##### Material for this task #####

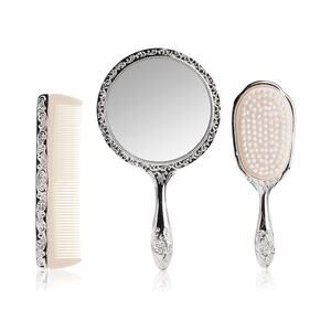 NWB Victorian Trading Co Brush Silver Comb & Mirror Silver Plated 3 Vanity Set
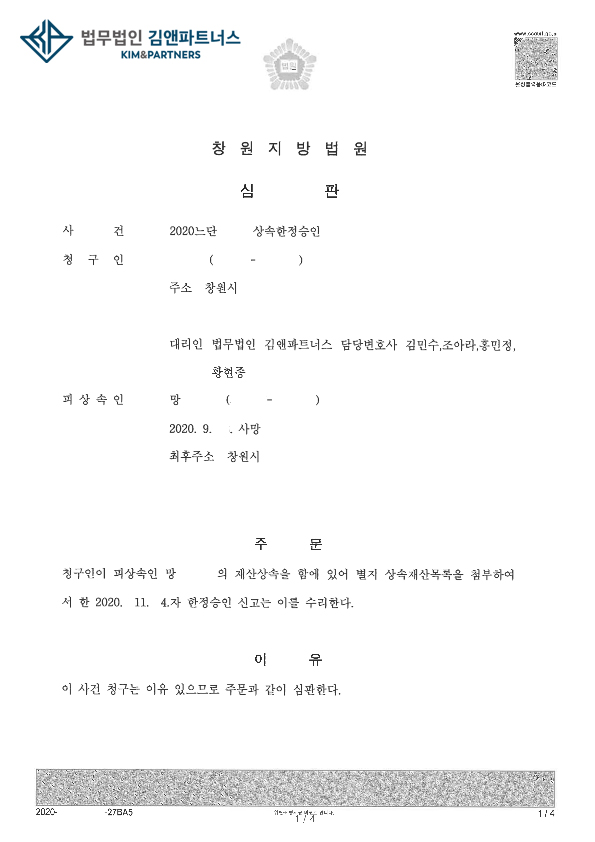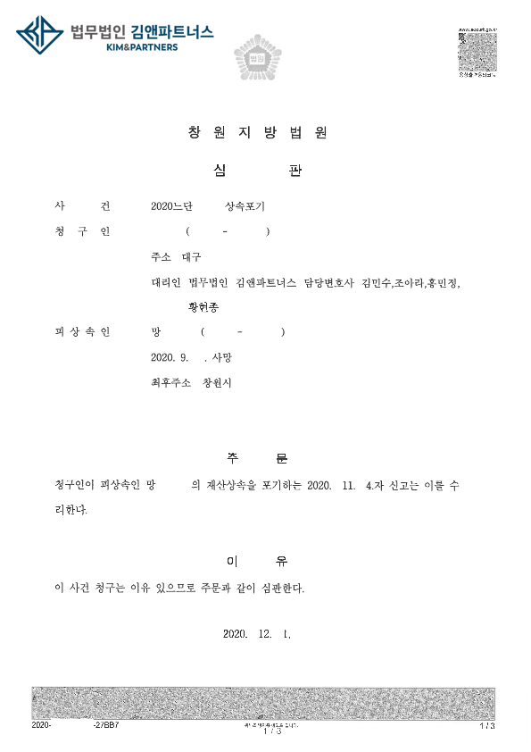 황변호사는 의뢰인의 사건을 담당하여 최근 창원지방법원에서 상속포기, 한정승인 결정문을 받았습니다.
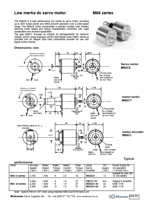 Low inertia dc servo motor M66 seriesThe M66CE is a high performance low inertia dc servo motor, providing up to 30W output power and offers smooth operation over a wide speed range. The M66CE motor incorporates a skewed ironless rotor thereby ensuring linear speed and torque characteristic combined with rapid acceleration and reversal capabilities.The type M66CT includes an integral dc tachogenerator for optimum velocity control using analogue control techniques while M66CI series is provided with an integral dual track incremental encoder for use with digital control circuits.Dimensions: mmTypicalperformanceMotorNo-load Speed ( rpm )Rated Speed ( rpm )Rated Torque ( Ncm)Rated Current ( Amps )Peak Torque ( Ncm )using Servo Amplifier DC Supply ( Vdc )Power Supply for AC operation ( 110-240 Vac )M66-12 series 2,7001,700 8 2.016MSE421 12suitable for use with 12 Vdc battery 2,3001,600 9 1.027PM121-10* N/A integral in amplifier 2,3001,600 9 1.027MSE421-30 24MSE 171E M66 -24 series2,3001,600121.327MSE421-6024MSE 171ENote* Specify PM121-10T when using matched M66 C24T3/T6-tacho unitmotor-tacho M66CTmotor-encoder M66CIMclennan Servo Supplies Ltd. Tel: +44 (0)8707 700 700 30 Watt Ironless rotor dc servo motor M66 series Specification dc servo motor type M66CEmotor-tacho versions M66CT seriesmotor-encoder version M66-CI...seriestypes: M66CI ...T-12M66CI ...T-24M66CI ...L-12M66CI ...L-24Nominal Voltage 12Vdc24VdcMotor specification: As aboveEncoder type CI...T CI...LSupply Vdc 5 + 0.5 5 + 0.5Max. Output signal Vdc 5 5Signal wave form Square SquareOutput Circuit TTL RS 422Output Configuration Dual TrackQuadrature Dual Track + Index ( complementary )Number of Lines 100 or 500 100 or 500Note:M66 servo motors are also available with an integral parking brake ( M66DB )If a parking brake is required please contact us for full specification of M66DB optionsMclennan Servo Supplies Ltd.Tel: +44 (0)8707 700 700 The M66DB is a low inertia, ironless rotor dc servo motor which is equipped with a ‘power-off’ parking brake to provide a static holding torque to resist movement under unbalanced load conditions when the motor/brake assembly is de-energised. Additionally the brake may be used in dynamic conditions to arrest motion although increased wear will then occur.When the brake is energised the motor is free to rotate and may be controlled to provide a very wide speed range with minimal cogging, even at low speed, due to it’s ironless rotor construction.The motor is equipped with long-life carbon brushes which are suitable for electronic speed control by either linear or PWM servo amplifier systems.Brake specificationNominal Operating Voltage ( Vdc ) 12 24Operating Current ( Amps ) < 0.50 0.22Min. Pull-in voltage ( Vdc ) < 10 18Max. Drop-out voltage ( Vdc ) > 6 8Holding Torque, de-energised ( Ncm )1010Assembly order codeStandard voltage optionsM66DB-12M66DB-24Mclennan Servo Supplies Ltd. Tel: +44 (0)8707 700 700 Special Versions:In some cases it may be preferred to utilise a 24 Vdc version of the servo motorwith 12 Volt rated brake and visa versa.In these case the following special part numbers should be used:Specification: Special modelsBrake specificationNominal Brake Voltage ( Vdc ) 24 12 Operating Current ( Amps ) 0.22 < 0.50 Min. Pull-in voltage ( Vdc ) 18 < 10 Max. Drop-out voltage ( Vdc ) 8 > 6 Holding Torque, de-energised ( Ncm ) 10 10Mclennan Servo Supplies Ltd.Tel: +44 (0)8707 700 700 。
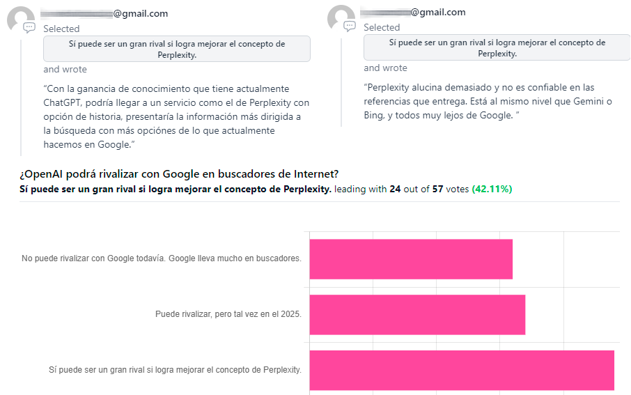 Respuestas a encuesta pasada: ¿OpenAI podrá rivalizar con Google en buscadores de Internet? y prevalece: “Sí puede ser un gran rival si logra mejorar el concepto de Perplexity”.
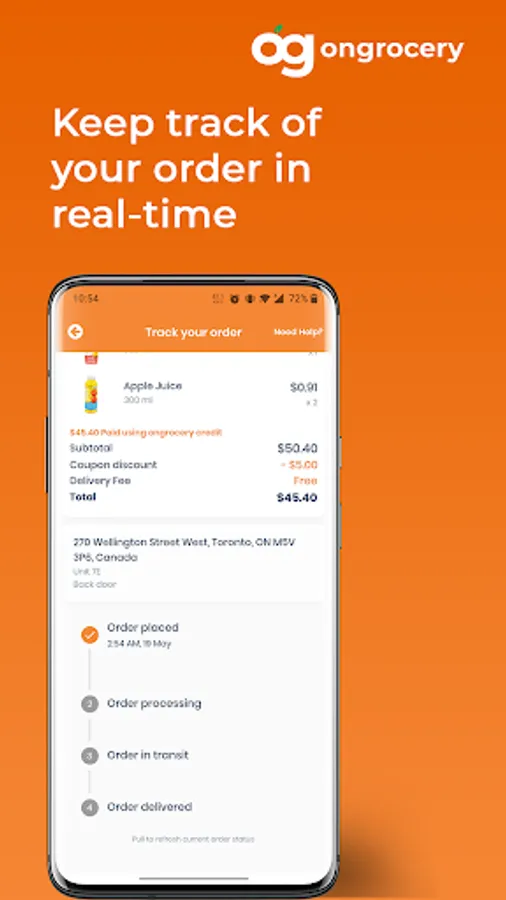 From the moment you place your order, you have the ability to track it from the app and you’ll receive notifications every step of the way. If you have any questions or concerns, please feel free to reach out to us at hello@ongrocery.com The team is very excited to help with any query you might have.
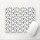 Ce tapis de souris a un design moderne du milieu du siècle en hexagones enchaînés avec un cercle sur une cheville à l'intérieur de chacun.
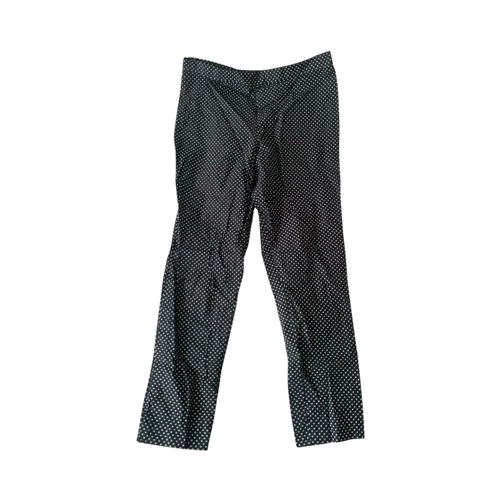 Black trousers with white polka dots, slim straight fit.
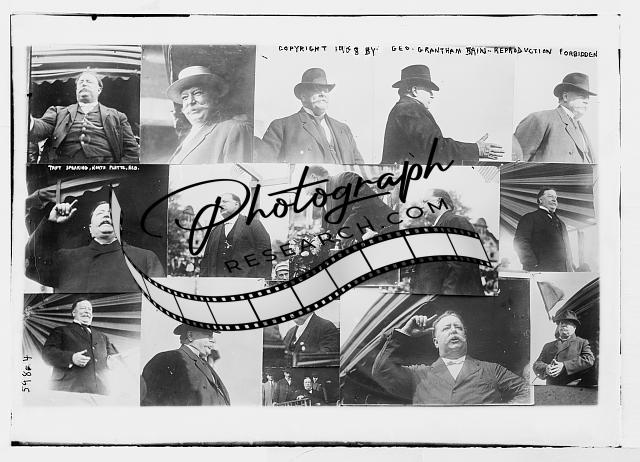 15 small pictures of President William Howard Taft,1857-1930,on campaign trail

#####

Return only the lines running from the top of the data to the line that holds "황변호사는 의뢰인의 사건을". Include both of those lines, but skip the pictures.

- Result of this exercise:
 NWB Victorian Trading Co Brush Silver Comb & Mirror Silver Plated 3 Vanity Set
 황변호사는 의뢰인의 사건을 담당하여 최근 창원지방법원에서 상속포기, 한정승인 결정문을 받았습니다.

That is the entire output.